Only one stretch of the data should be retyped: the lines from the line containing "Отзывы на КОМПЛЕКТ" through the line containing "通過率較往年偏低。恭喜以下2". Keep pictures out of it.

Material for this exercise
-- Opening Marker --

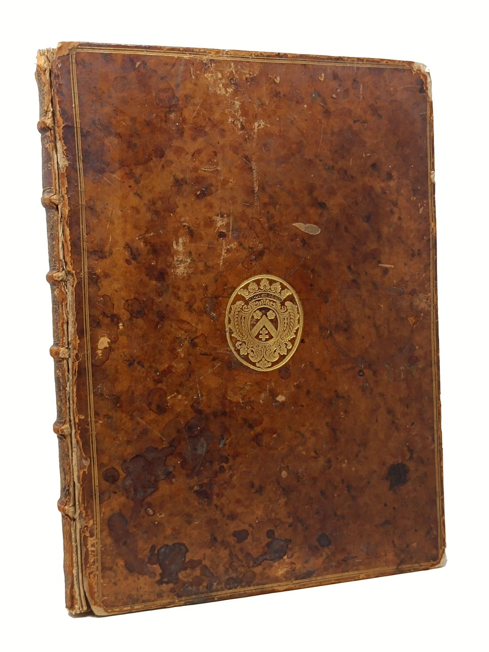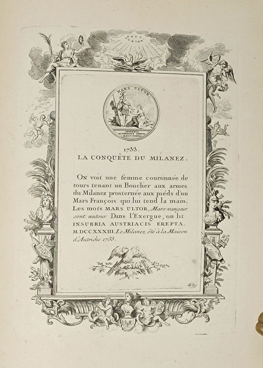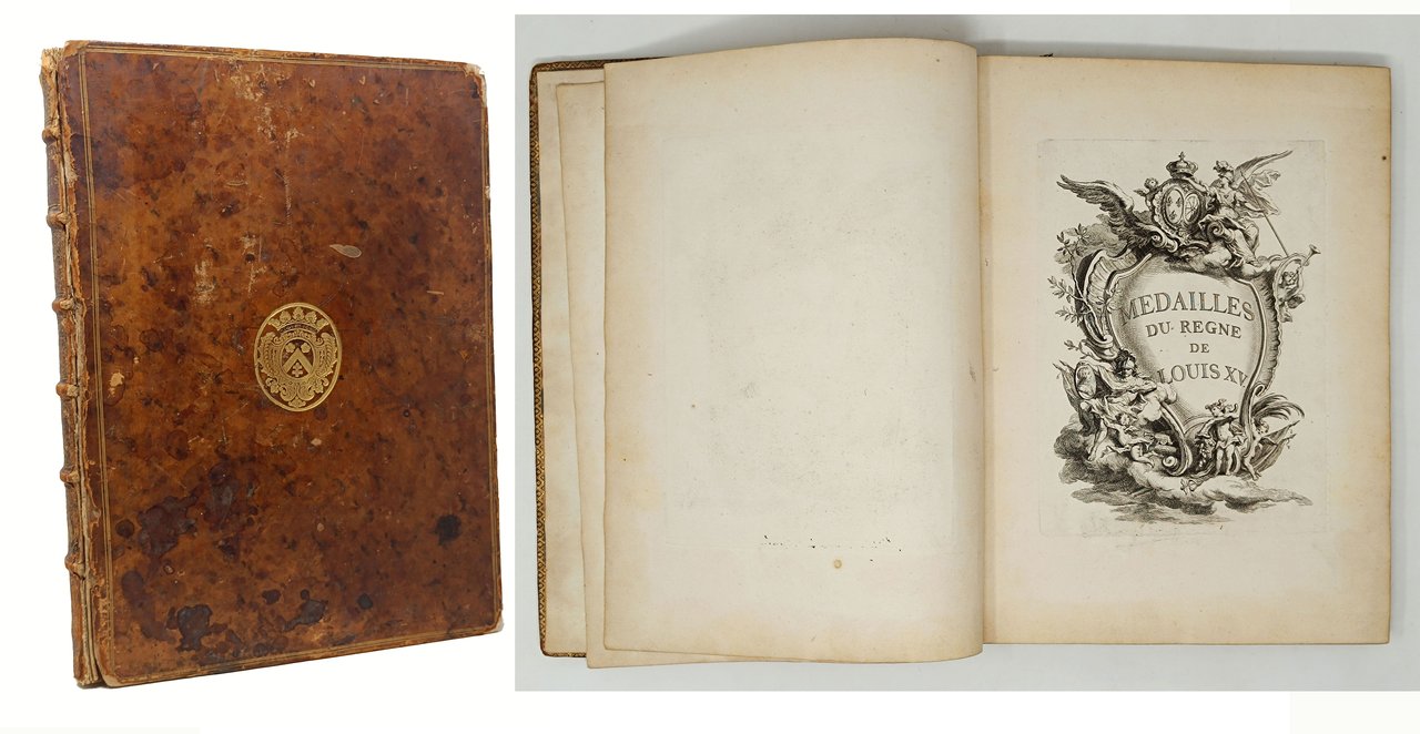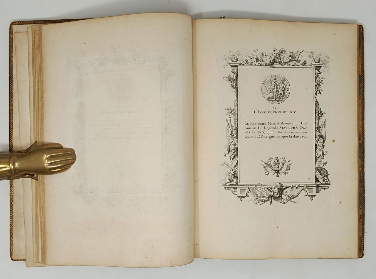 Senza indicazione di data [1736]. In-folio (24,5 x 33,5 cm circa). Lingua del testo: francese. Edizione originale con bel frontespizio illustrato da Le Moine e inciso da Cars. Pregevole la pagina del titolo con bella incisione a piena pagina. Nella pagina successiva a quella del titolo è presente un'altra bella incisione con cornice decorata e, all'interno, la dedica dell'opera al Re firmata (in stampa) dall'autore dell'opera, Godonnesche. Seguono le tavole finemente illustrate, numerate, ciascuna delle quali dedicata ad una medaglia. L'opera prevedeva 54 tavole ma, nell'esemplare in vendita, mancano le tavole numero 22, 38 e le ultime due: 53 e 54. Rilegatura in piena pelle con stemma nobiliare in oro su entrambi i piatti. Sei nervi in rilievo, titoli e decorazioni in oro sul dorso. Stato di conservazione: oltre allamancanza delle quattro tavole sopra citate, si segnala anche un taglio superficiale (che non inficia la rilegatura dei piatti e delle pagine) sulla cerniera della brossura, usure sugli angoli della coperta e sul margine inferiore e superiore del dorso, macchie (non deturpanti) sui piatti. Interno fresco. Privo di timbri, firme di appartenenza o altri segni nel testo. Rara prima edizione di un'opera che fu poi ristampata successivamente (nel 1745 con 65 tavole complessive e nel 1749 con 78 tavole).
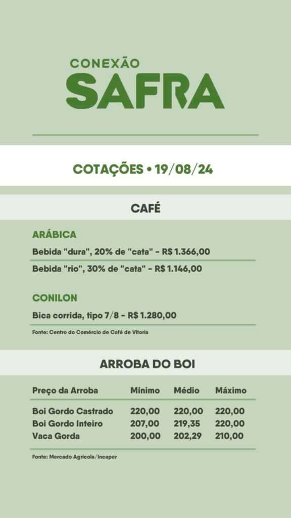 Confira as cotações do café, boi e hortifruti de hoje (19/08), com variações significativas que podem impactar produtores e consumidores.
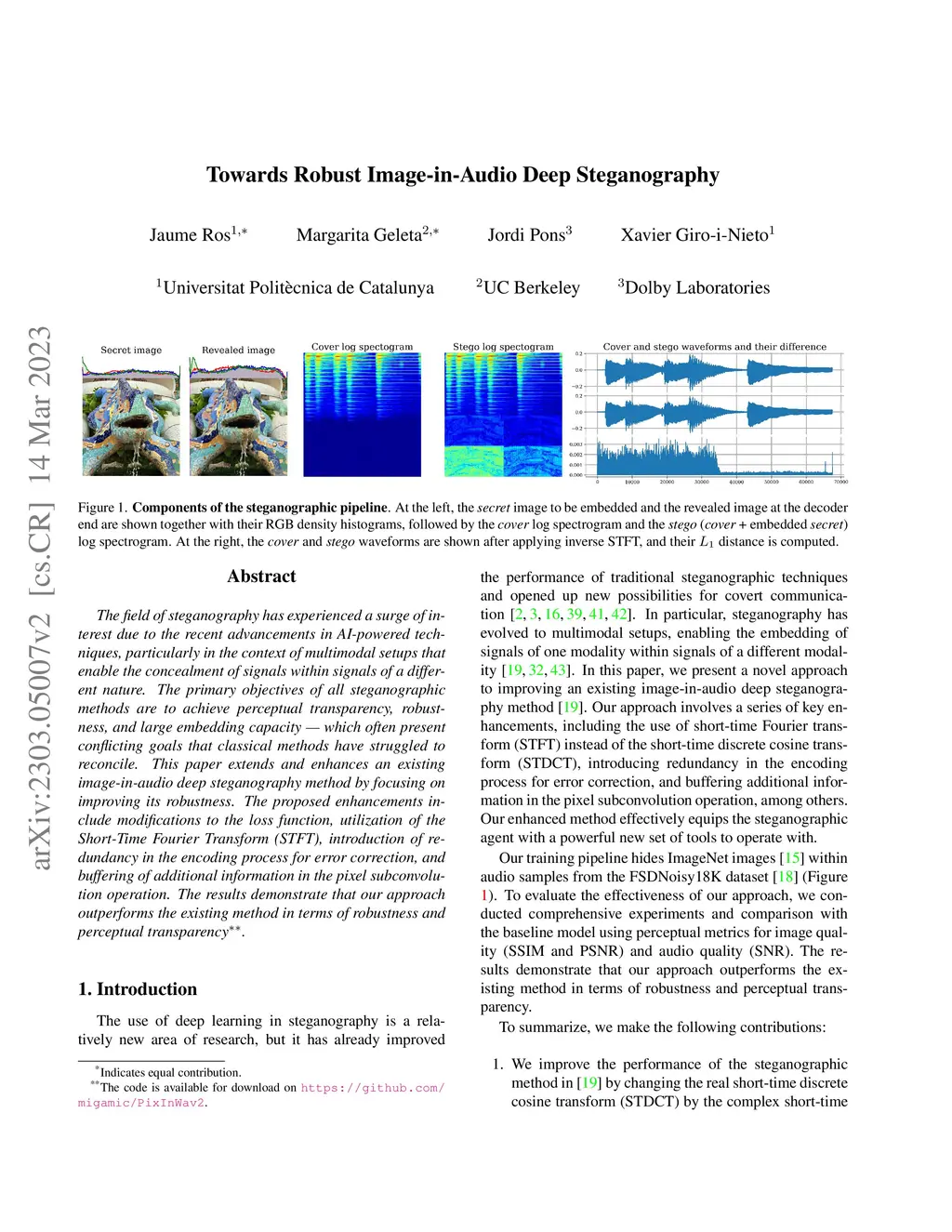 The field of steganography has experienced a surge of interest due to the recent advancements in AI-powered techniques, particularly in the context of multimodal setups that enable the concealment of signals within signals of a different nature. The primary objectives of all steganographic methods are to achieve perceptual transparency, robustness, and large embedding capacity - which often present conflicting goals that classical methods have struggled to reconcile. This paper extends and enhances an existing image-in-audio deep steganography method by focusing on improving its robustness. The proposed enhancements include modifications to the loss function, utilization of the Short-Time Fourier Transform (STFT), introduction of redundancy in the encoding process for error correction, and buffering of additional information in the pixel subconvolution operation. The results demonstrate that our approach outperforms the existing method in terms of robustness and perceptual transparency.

-- Closing Marker --
-- Opening Marker --

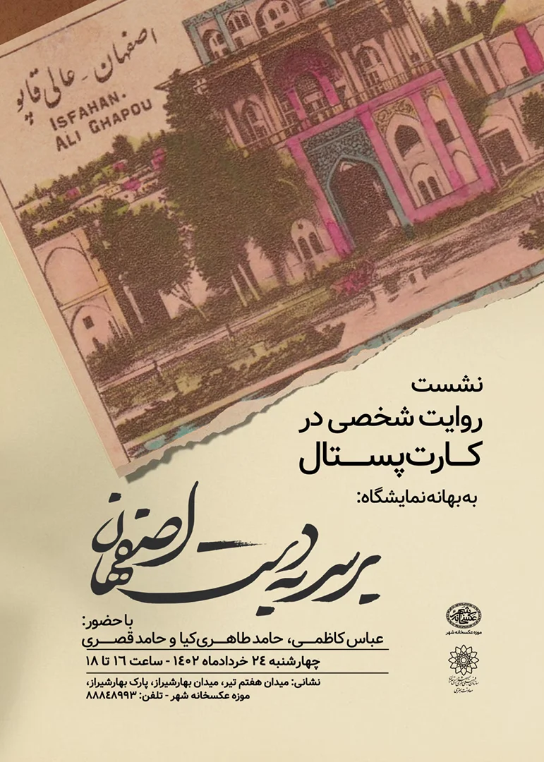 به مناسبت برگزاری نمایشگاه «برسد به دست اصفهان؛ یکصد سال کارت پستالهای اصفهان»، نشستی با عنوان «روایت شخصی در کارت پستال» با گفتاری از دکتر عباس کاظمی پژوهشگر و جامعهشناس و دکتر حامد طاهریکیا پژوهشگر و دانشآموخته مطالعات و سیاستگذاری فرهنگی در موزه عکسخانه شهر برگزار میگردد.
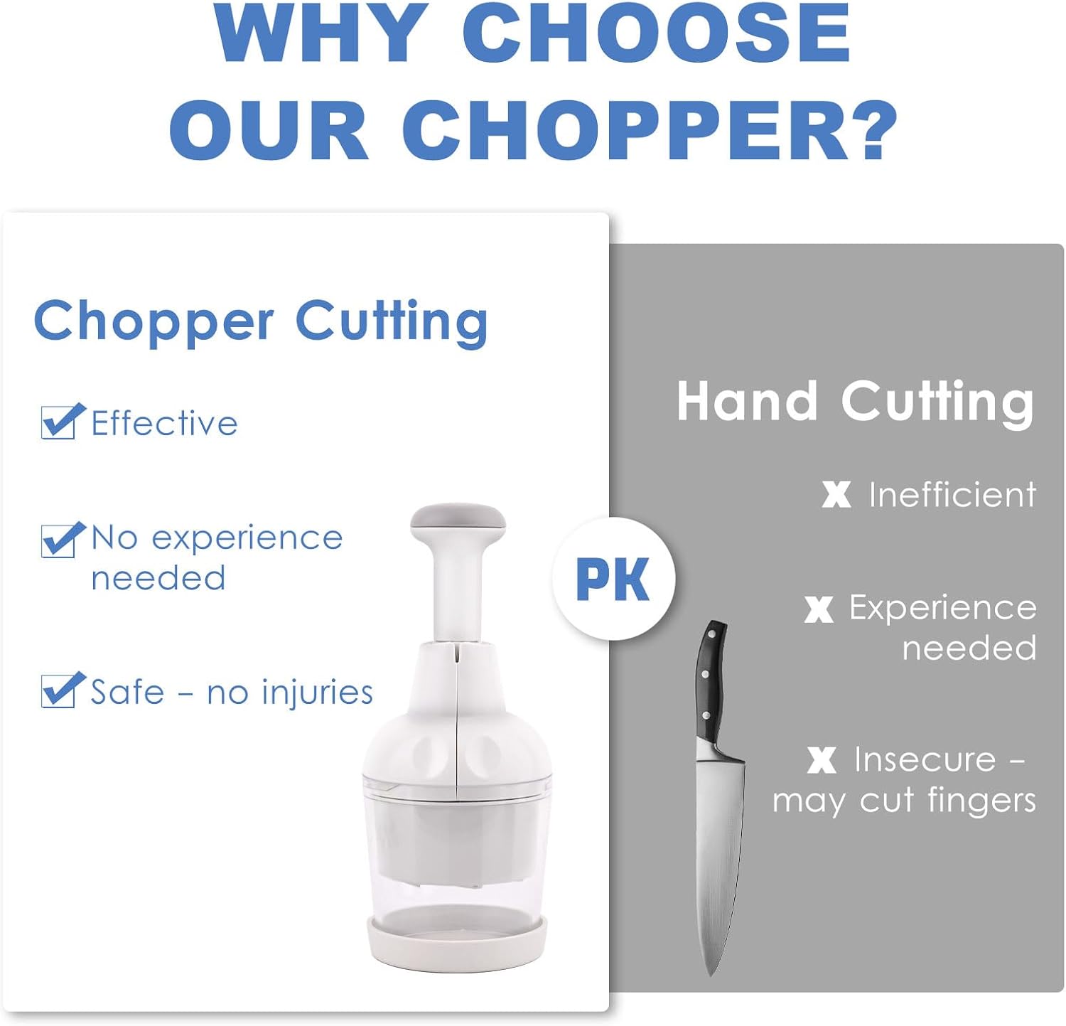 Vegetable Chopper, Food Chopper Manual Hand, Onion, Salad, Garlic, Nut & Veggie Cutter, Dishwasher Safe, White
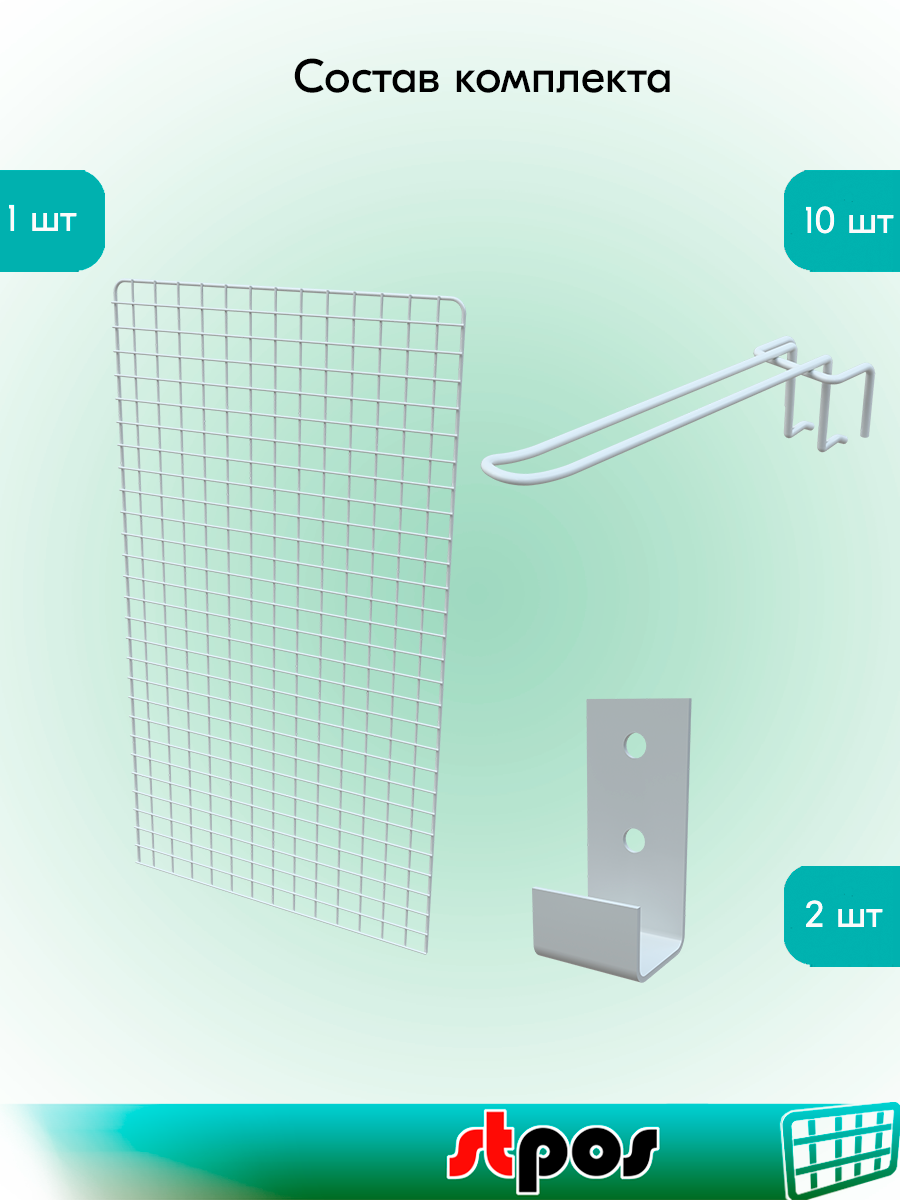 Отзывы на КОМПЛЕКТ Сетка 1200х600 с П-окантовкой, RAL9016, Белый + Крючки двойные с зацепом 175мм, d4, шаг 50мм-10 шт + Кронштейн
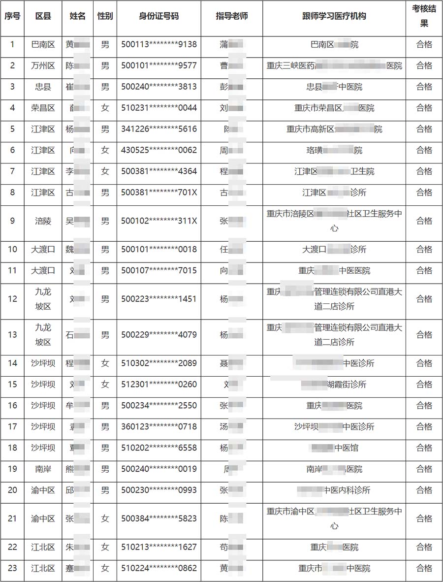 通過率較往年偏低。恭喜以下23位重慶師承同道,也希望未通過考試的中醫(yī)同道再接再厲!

-- Closing Marker --

Response below
 Отзывы на КОМПЛЕКТ Сетка 1200х600 с П-окантовкой, RAL9016, Белый + Крючки двойные с зацепом 175мм, d4, шаг 50мм-10 шт + Кронштейн
 通過率較往年偏低。恭喜以下23位重慶師承同道,也希望未通過考試的中醫(yī)同道再接再厲!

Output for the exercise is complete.